» What the task asks
Please retype the entries below exactly, only from their first line through the line containing "The weekly timeframe", leaving every picture out.

Saved entries
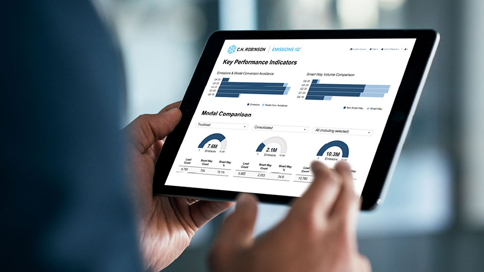 Dzięki rozwiązaniu Emissions IQ możemy pomóc Ci zmierzyć emisje z zakresu 3-ciego generowane przez transport naziemny zlecany firmie C.H. Robinson.
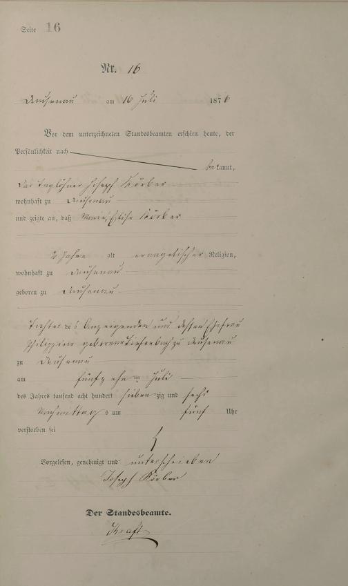 Sterberegister 1876
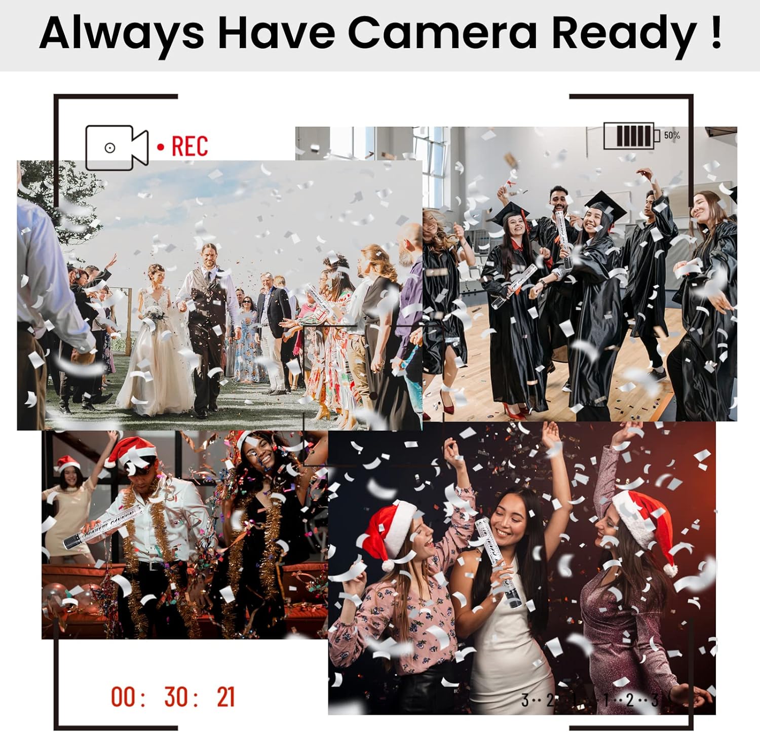- π Ultra-Fun & Safe Confetti Cannon: Our confetti poppers are designed for your safety. They boast a safety net that keeps metallic parts from flying out while you are shooting and prevent accidents at the Christmas or New Year Eve party!
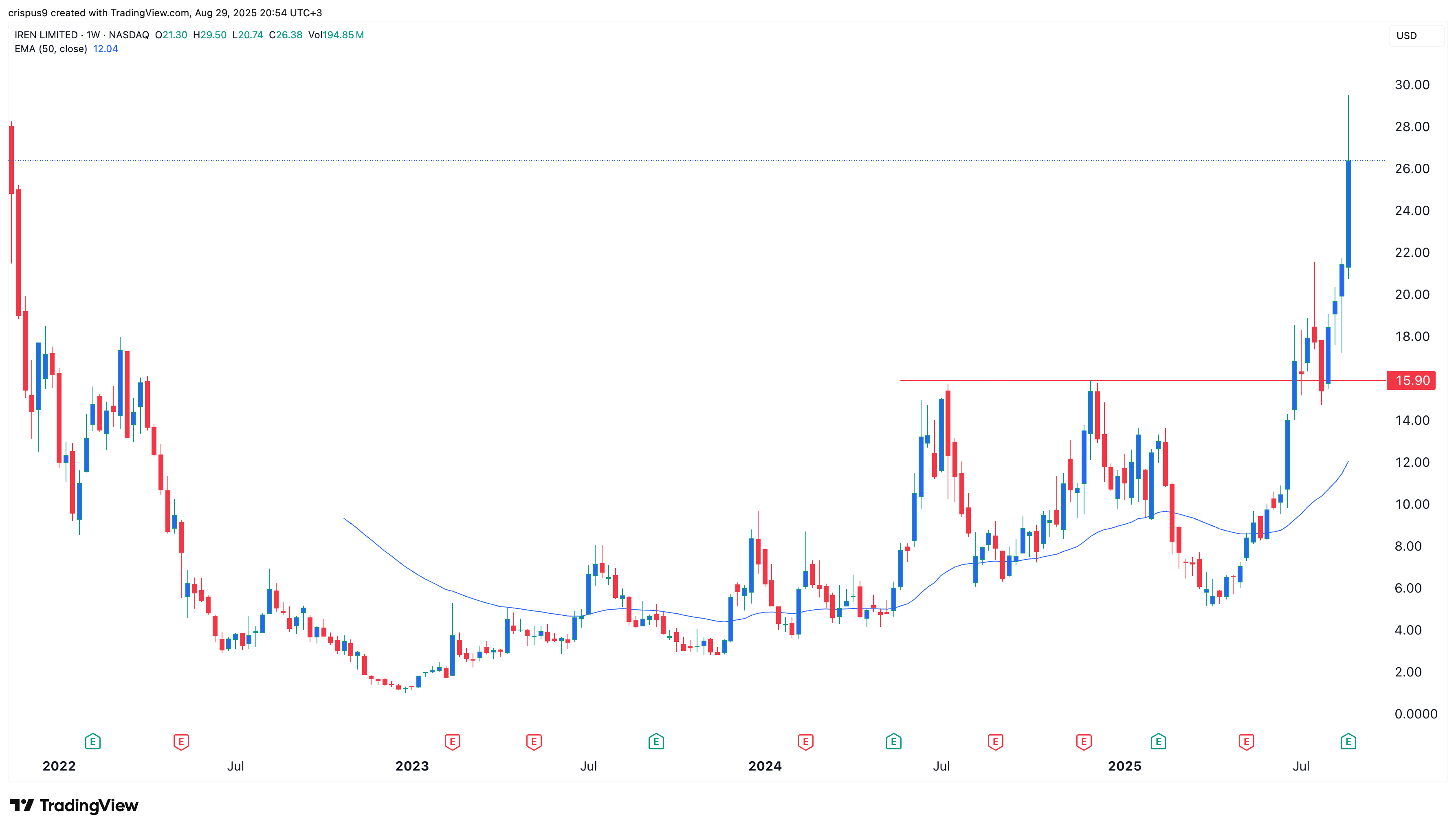 The weekly timeframe chart shows that the IREN stock has been in a strong bull run this year. This trend accelerated when the company published its financial results.
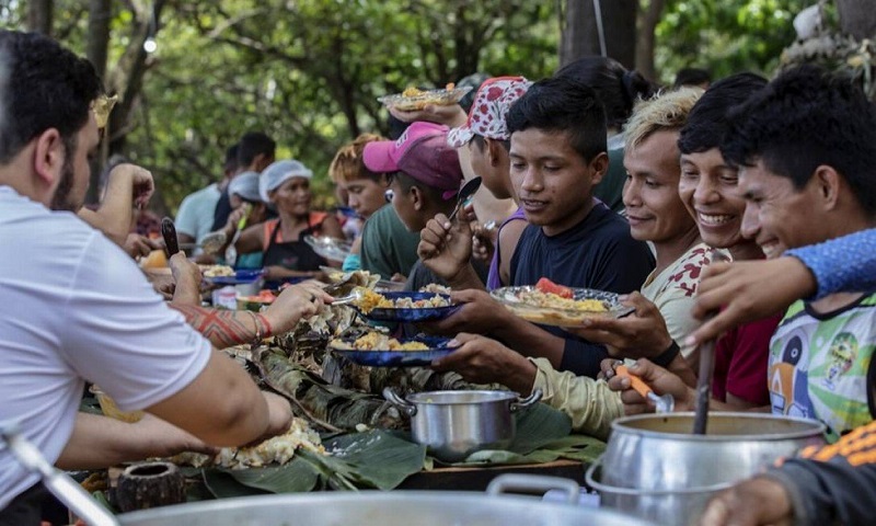 Na viagem, o grupo provou o peixe feito pelos indígenas e cozinhou um banquetaço para a aldeia. Prepararam a iguaria com arroz, em tiraditos, ensopado e assado na folha de bananeira.

» Exercise output
 Dzięki rozwiązaniu Emissions IQ możemy pomóc Ci zmierzyć emisje z zakresu 3-ciego generowane przez transport naziemny zlecany firmie C.H. Robinson.
 Sterberegister 1876
- π Ultra-Fun & Safe Confetti Cannon: Our confetti poppers are designed for your safety. They boast a safety net that keeps metallic parts from flying out while you are shooting and prevent accidents at the Christmas or New Year Eve party!
 The weekly timeframe chart shows that the IREN stock has been in a strong bull run this year. This trend accelerated when the company published its financial results.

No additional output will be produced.